In more primitive areas weaving is a slow laborious art which uses a wooden frame to stretch the warp (vertical threads) whilst the weft (parallel threads) are snaked in between them. Amongst the goblins and the Vos this is the only method of weaving known.
A Brecht priest of Sera called Gunther invented the Heddle and Shuttle that transformed weaving in more civilised parts of Cerilia not long after the formation of the Anuirean empire. The Heddle is a plank of wood with a number of holes for thread, interspaced with vertical slots for alternate threads. When the heddle is raised the threads going through the holes rise, while the threads going through the slots does not. The resulting gap between alternate threads (called the shed) then allows the shuttle to be thrown between all the threads in a single stroke. By use of several different shuttles it is quite possible to thread multiple colours quickly. The church of Sera swiftly refined the initial invention by adding bobbins to the shuttle, and building frames, called looms, to hold the threads, heddle, etc in place and easily raise and lower the heddle using pedals. Modern looms have a comb-shaped reed to tighten the weft threads together, and hold the warp threads tight with rollers at each end of the loom allowing long cloths to be made as a continuous piece. More complicated cloths with several colours in warp and weft require multiple heddles and shuttles.

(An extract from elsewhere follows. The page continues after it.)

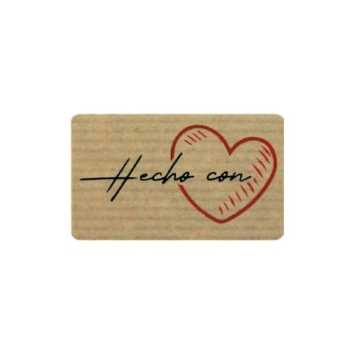 Etiqueta adhesiva con mensaje “Hecho con amor”. Ideal para negocios y eventos. Ref. ET-2303-EC.

Tapestries and carpets are generally made on upright looms in the laborious 'traditional' way as the patterns and colours are too complicated for a medieval loom. The vertical loom allows the weaver to watch the pattern as it forms and spares them from continually bending over a horizontal loom. Even such manual looms however are swift compared to spinning the wool in the first place ? a single handweaver requires the produce of 10-12 spinners, even when those spinners have good spinning wheels and spindles.